From Wednesday 31 July psychologists employed by seventeen District Health Boards and members of APEX – the union for health professionals, will impose a nationwide ban on all overtime for five weeks until Tuesday 3 September. The action will be the first nationwide strike of psychologists in New Zealand.

“The Psychology Workforce Taskforce, set up by the Ministry of Health and Health Workforce New Zealand to address recruitment and retention issues facing the psychologist workforce estimated in 2018 that we need an additional 268 psychologists working in District Health Boards to meet demand for services.

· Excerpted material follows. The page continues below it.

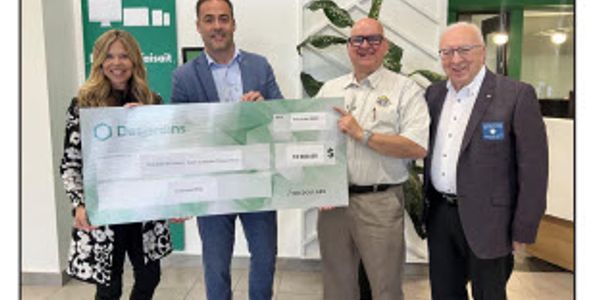 Le 14 octobre, la remise du premier chèque de 10 000 $ s’est tenue au siège social de la Caisse en présence de madame Isabelle Chalifoux, adjointe à la direction générale, monsieur Marc-André Lachance, directeur général, Jean Bisson, grand chevalier et Jean-Claude Dufour, relationniste conseil 1813.
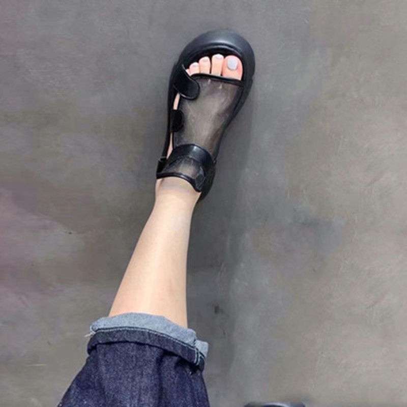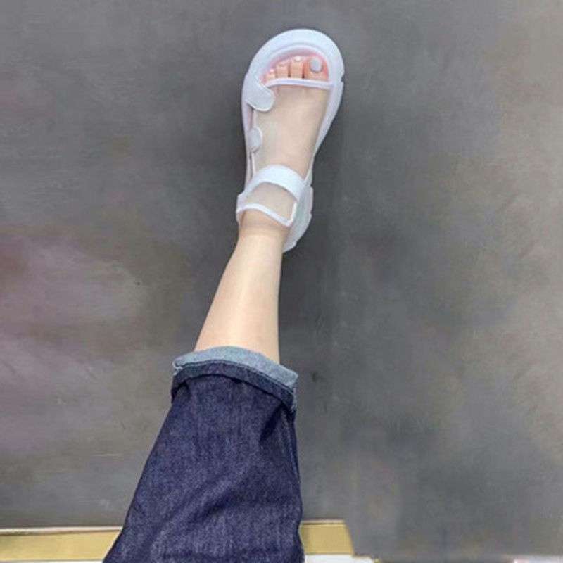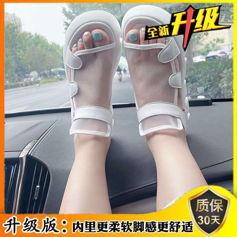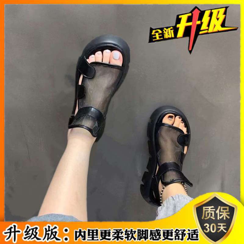 여성을위한 유럽 플랫폼 샌들 2025 여름 새로운 패션 두꺼운 밑창 통기성 유럽 메쉬 벨크로 로마 샌들스토어 가기

Yet in the same year rather than gaining, we lost 73 psychologists from DHB employment,” said Dr Deborah Powell, APEX National Secretary.

Since then we have had the report of the Government’s own Inquiry into Mental Health recommend that in order to expand access to talking therapies, “an immediate priority is to begin building [the psychology] workforce”. However, all signs confirm a growing workforce crisis.

  • The international benchmark is that health services should have 20 full time psychologists per 100,000 people.
  • New Zealand DHBs employ an average of 11.8 psychologists per 100,000 – ranging from 17 to 2.7 FTE per 100,000 people.
  • The numbers of psychologists employed per 100,000 population dropped 4.1% between 2016 and 2018
  • In some DHBs only 5-7% of clients referred to specialist mental health services access a psychologist and patients can end up waiting between 3 and 12 months for psychology input.

“DHBs are losing experienced psychologists in droves to better paid jobs in the Department of Corrections, ACC and private practice. Despite the stated aims of the Government to make talking therapies more available under the wellbeing budget, they have yet to invest in staffing, pay and conditions adequate that will retain psychologists,” concluded Dr Powell.